* **REQUIRED WORK**:
Please repeat the records exactly. The pictures are to be left out.

* **THE INPUT**:
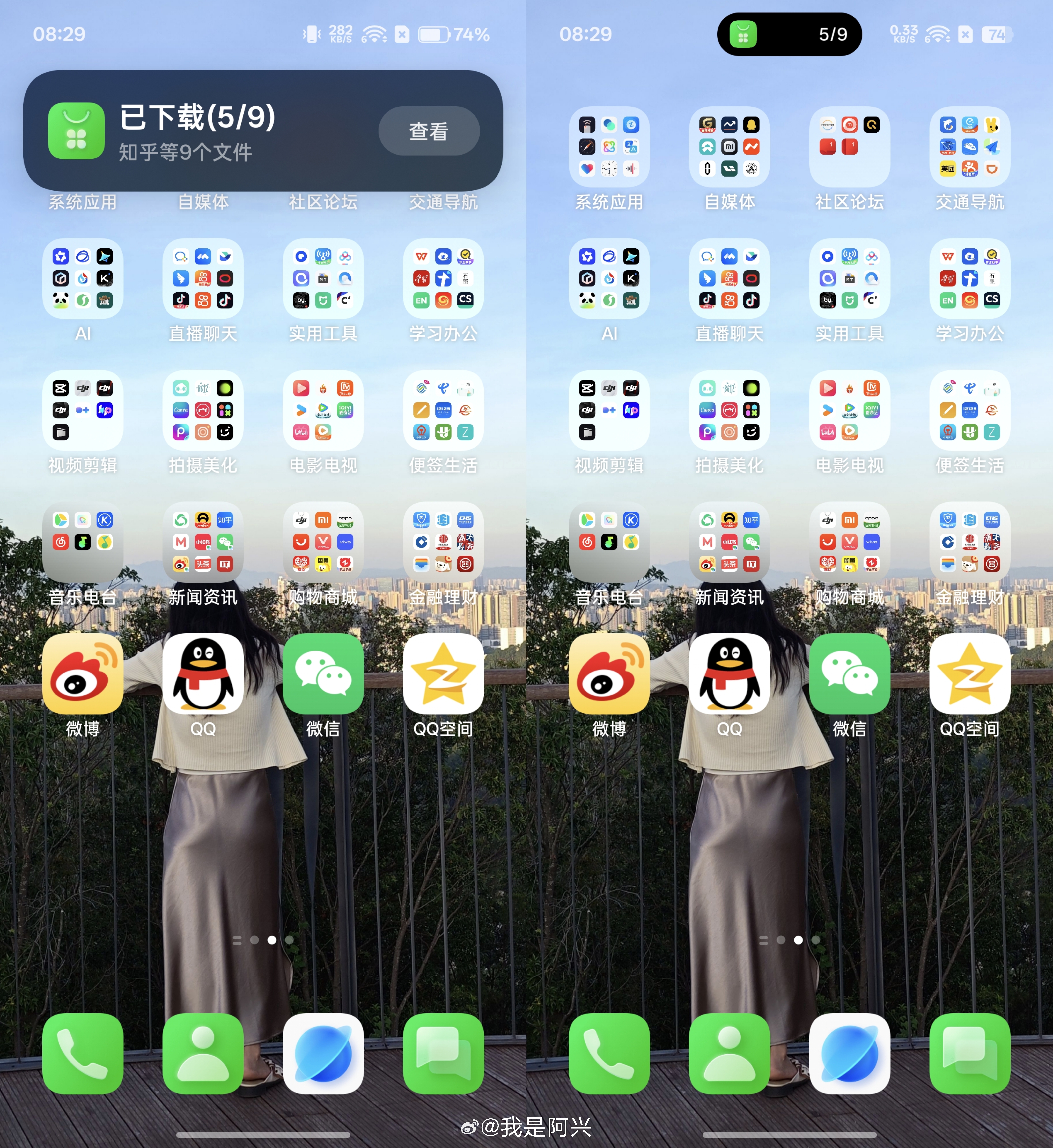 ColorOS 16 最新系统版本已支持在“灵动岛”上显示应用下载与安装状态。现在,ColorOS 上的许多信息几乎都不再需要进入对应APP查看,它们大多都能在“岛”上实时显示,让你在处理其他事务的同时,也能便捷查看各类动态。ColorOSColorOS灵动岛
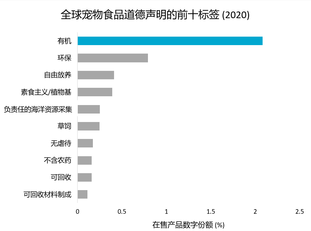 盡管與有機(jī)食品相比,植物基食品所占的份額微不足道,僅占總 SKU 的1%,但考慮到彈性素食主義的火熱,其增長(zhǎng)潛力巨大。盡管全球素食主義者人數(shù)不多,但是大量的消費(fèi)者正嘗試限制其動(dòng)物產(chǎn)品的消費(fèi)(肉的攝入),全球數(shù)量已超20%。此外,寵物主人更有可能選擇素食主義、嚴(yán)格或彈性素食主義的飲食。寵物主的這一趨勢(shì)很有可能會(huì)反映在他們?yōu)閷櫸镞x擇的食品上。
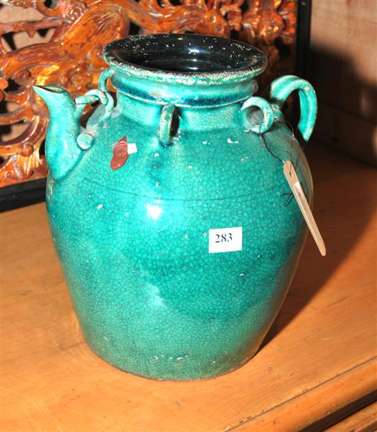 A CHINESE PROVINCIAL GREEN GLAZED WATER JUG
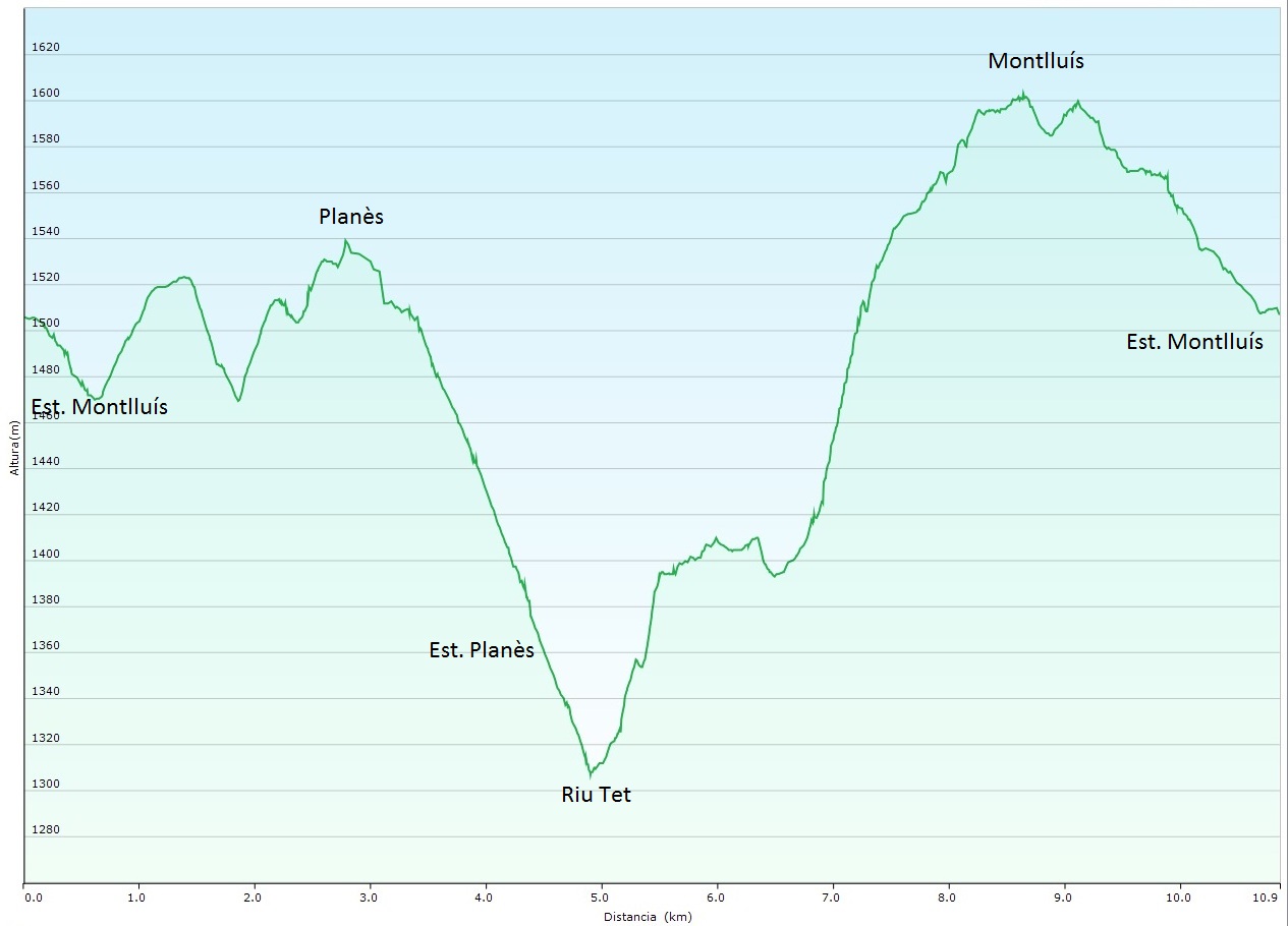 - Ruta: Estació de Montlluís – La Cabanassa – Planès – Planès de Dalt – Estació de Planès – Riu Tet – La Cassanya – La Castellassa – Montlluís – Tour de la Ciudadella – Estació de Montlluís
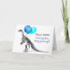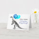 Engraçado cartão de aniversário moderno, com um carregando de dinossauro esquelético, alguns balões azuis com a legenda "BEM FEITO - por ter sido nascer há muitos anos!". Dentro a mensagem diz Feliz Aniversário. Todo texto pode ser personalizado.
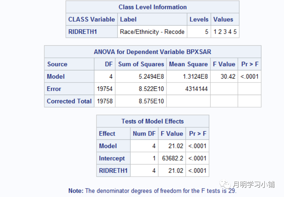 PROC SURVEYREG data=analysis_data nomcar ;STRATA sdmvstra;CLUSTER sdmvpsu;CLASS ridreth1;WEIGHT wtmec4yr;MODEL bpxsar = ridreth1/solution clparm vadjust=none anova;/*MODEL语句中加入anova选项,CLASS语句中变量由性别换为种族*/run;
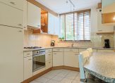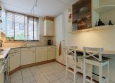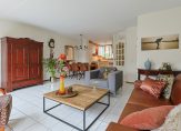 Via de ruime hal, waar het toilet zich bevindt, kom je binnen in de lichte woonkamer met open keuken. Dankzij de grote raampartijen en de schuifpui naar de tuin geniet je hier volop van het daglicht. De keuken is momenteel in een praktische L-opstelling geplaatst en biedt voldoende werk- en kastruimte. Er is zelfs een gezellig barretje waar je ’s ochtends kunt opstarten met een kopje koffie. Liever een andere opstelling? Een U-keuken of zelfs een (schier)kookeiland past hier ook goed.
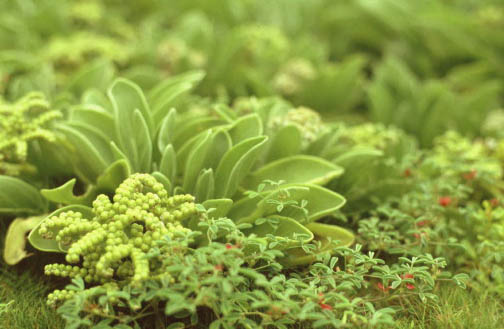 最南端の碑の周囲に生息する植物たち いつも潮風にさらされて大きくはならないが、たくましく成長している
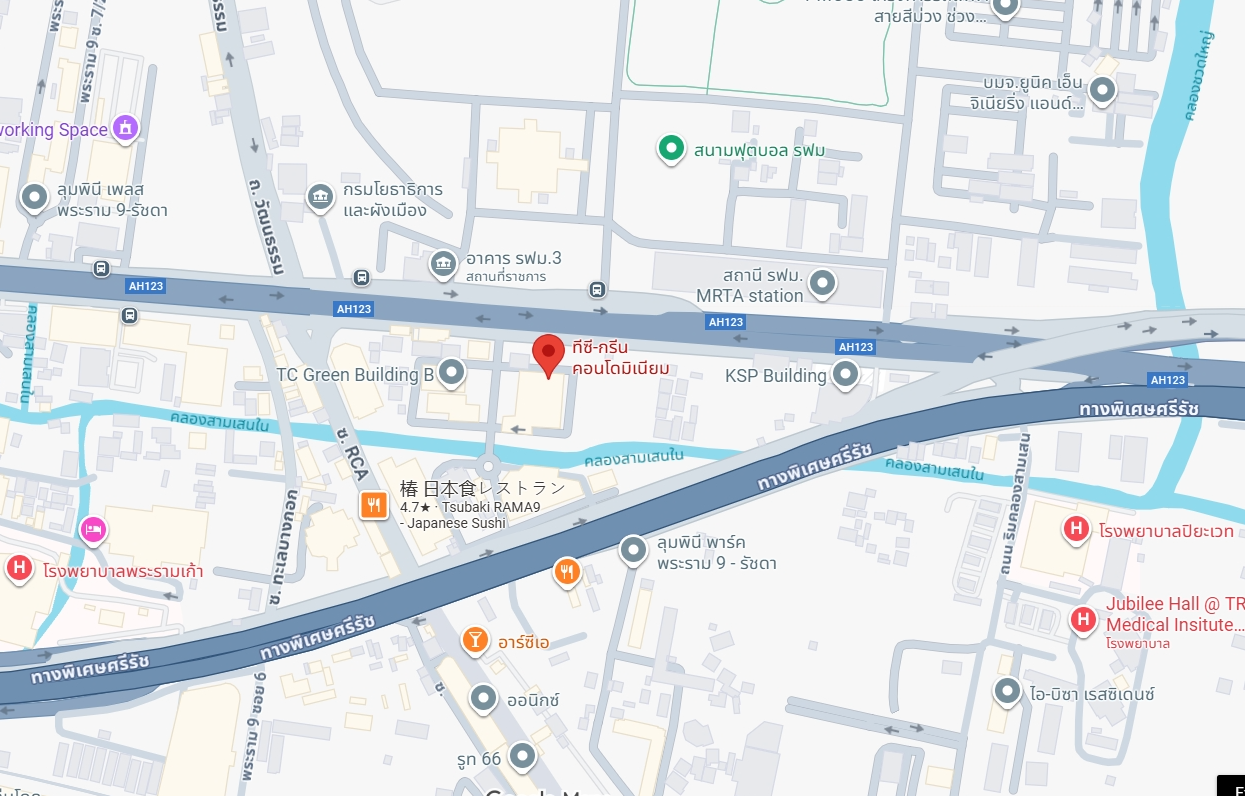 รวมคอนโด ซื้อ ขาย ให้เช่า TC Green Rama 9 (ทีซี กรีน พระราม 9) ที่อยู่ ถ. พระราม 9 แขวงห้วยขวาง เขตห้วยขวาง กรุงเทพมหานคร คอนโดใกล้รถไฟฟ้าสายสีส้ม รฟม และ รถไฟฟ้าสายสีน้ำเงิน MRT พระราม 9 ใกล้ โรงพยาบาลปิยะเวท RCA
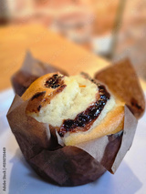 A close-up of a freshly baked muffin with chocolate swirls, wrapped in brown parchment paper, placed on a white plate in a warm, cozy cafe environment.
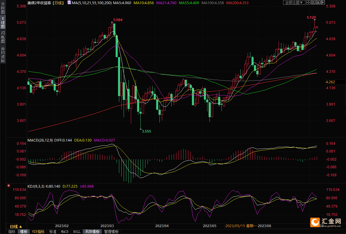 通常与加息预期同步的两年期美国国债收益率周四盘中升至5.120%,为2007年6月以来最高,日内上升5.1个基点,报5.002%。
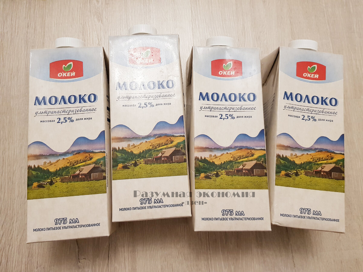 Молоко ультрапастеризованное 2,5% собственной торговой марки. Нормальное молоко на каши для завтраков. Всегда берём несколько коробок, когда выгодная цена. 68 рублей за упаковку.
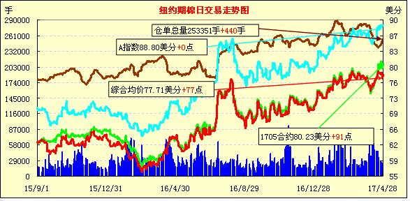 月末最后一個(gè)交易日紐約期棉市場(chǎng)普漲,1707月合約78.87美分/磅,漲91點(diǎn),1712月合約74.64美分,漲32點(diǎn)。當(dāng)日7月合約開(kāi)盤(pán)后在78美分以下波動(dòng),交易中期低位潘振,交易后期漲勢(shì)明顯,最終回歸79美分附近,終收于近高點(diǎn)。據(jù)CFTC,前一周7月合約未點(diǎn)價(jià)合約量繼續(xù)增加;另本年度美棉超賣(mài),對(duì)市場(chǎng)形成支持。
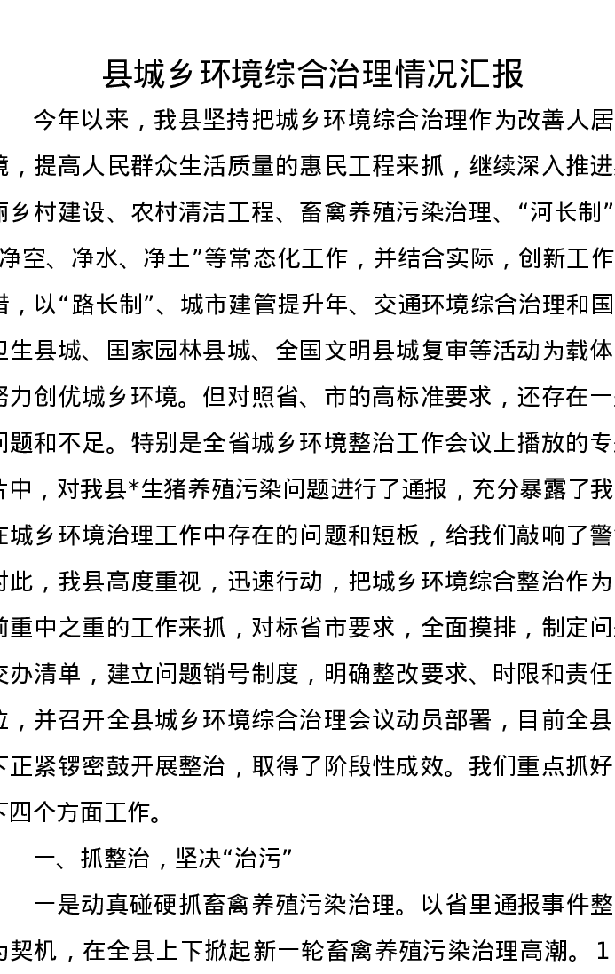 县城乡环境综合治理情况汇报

* **RESPONSE FOR THIS EXERCISE**:
 ColorOS 16 最新系统版本已支持在“灵动岛”上显示应用下载与安装状态。现在,ColorOS 上的许多信息几乎都不再需要进入对应APP查看,它们大多都能在“岛”上实时显示,让你在处理其他事务的同时,也能便捷查看各类动态。ColorOSColorOS灵动岛
 盡管與有機(jī)食品相比,植物基食品所占的份額微不足道,僅占總 SKU 的1%,但考慮到彈性素食主義的火熱,其增長(zhǎng)潛力巨大。盡管全球素食主義者人數(shù)不多,但是大量的消費(fèi)者正嘗試限制其動(dòng)物產(chǎn)品的消費(fèi)(肉的攝入),全球數(shù)量已超20%。此外,寵物主人更有可能選擇素食主義、嚴(yán)格或彈性素食主義的飲食。寵物主的這一趨勢(shì)很有可能會(huì)反映在他們?yōu)閷櫸镞x擇的食品上。
 A CHINESE PROVINCIAL GREEN GLAZED WATER JUG
 - Ruta: Estació de Montlluís – La Cabanassa – Planès – Planès de Dalt – Estació de Planès – Riu Tet – La Cassanya – La Castellassa – Montlluís – Tour de la Ciudadella – Estació de Montlluís
 Engraçado cartão de aniversário moderno, com um carregando de dinossauro esquelético, alguns balões azuis com a legenda "BEM FEITO - por ter sido nascer há muitos anos!". Dentro a mensagem diz Feliz Aniversário. Todo texto pode ser personalizado.
 PROC SURVEYREG data=analysis_data nomcar ;STRATA sdmvstra;CLUSTER sdmvpsu;CLASS ridreth1;WEIGHT wtmec4yr;MODEL bpxsar = ridreth1/solution clparm vadjust=none anova;/*MODEL语句中加入anova选项,CLASS语句中变量由性别换为种族*/run;
 Via de ruime hal, waar het toilet zich bevindt, kom je binnen in de lichte woonkamer met open keuken. Dankzij de grote raampartijen en de schuifpui naar de tuin geniet je hier volop van het daglicht. De keuken is momenteel in een praktische L-opstelling geplaatst en biedt voldoende werk- en kastruimte. Er is zelfs een gezellig barretje waar je ’s ochtends kunt opstarten met een kopje koffie. Liever een andere opstelling? Een U-keuken of zelfs een (schier)kookeiland past hier ook goed.
 最南端の碑の周囲に生息する植物たち いつも潮風にさらされて大きくはならないが、たくましく成長している
 รวมคอนโด ซื้อ ขาย ให้เช่า TC Green Rama 9 (ทีซี กรีน พระราม 9) ที่อยู่ ถ. พระราม 9 แขวงห้วยขวาง เขตห้วยขวาง กรุงเทพมหานคร คอนโดใกล้รถไฟฟ้าสายสีส้ม รฟม และ รถไฟฟ้าสายสีน้ำเงิน MRT พระราม 9 ใกล้ โรงพยาบาลปิยะเวท RCA
 A close-up of a freshly baked muffin with chocolate swirls, wrapped in brown parchment paper, placed on a white plate in a warm, cozy cafe environment.
 通常与加息预期同步的两年期美国国债收益率周四盘中升至5.120%,为2007年6月以来最高,日内上升5.1个基点,报5.002%。
 Молоко ультрапастеризованное 2,5% собственной торговой марки. Нормальное молоко на каши для завтраков. Всегда берём несколько коробок, когда выгодная цена. 68 рублей за упаковку.
 月末最后一個(gè)交易日紐約期棉市場(chǎng)普漲,1707月合約78.87美分/磅,漲91點(diǎn),1712月合約74.64美分,漲32點(diǎn)。當(dāng)日7月合約開(kāi)盤(pán)后在78美分以下波動(dòng),交易中期低位潘振,交易后期漲勢(shì)明顯,最終回歸79美分附近,終收于近高點(diǎn)。據(jù)CFTC,前一周7月合約未點(diǎn)價(jià)合約量繼續(xù)增加;另本年度美棉超賣(mài),對(duì)市場(chǎng)形成支持。
 县城乡环境综合治理情况汇报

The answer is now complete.